Pitchfork is so over now.
Admittedly this may seem like a weak example. However, I’d say it’s actually pretty plain meta-marketing to build her brand as self-aware and in on the joke but also down to market herself. In other words, she wants you to know she has a marketing team.
Technically, that site was made by fans and not released by Drake. But it was heavily associated with the release of the album with fans making tons of memes with that generator.
To Charli’s credit, Brat has mostly been a solo branding effort thus far.
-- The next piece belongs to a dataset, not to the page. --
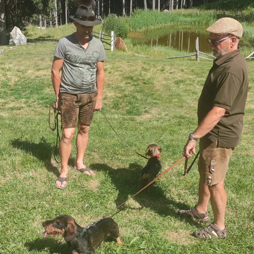 Am 17. Juli fand unser gemeinsamer Familienausflug statt. Unser Ziel war dieses Mal die Marlinger Jagdhütte unterhalb vom Vigiljoch. Gemeinsamer Treffpunkt war der Parkplatz bei den Eggerhöfen und von dort ging es gemeinsam zu Fuß bis zur Jagdhütte. Das Wetter war herrlich und so konnten wir uns bei Speis und Trank verwöhnen lassen. Franz zauberte uns ein paar seiner Grillspezialitäten vom Grill und als Nachtisch gab es selbstgemachte Kuchen. Gemeinsames watten war natürlich auch den ganzen Tag angesagt und so hielten wir es bis zum späten Nachmittag bei der Hütte aus. Leider waren wir heuer nicht sehr viele, da einige Mitglieder wegen anderweitiger Termine oder krankheitsbedingt nicht kommen konnten. Aber die dabei waren hatten Spaß und auch die Hunde waren sehr brav und konnten zur Abkühlung eine Runde im Teich schwimmen. Vielen Dank an Franz und Werner für die tatkräftige Unterstützung und dem Jagdrevier Marling, dass uns die Hütte für unseren Ausflug zur Verfügung gestellt wurde.

But then again, would you get a Brat smoothie at Erewhon if it dropped?
That will seemingly forever be Taylor Swift who “blocked” Charli from going number one on the UK Charts: https://www.huffpost.com/entry/taylor-swift-billie-eilish-charli-xcx_n_667206abe4b0502eac64e36f
Granted, this may not be a new phenomenon at all.
Brand ≠ Campaign
She was mentioned on at least two of the fifteenish “Out in 2024” lists that dirtmag made, and I thought that was funny.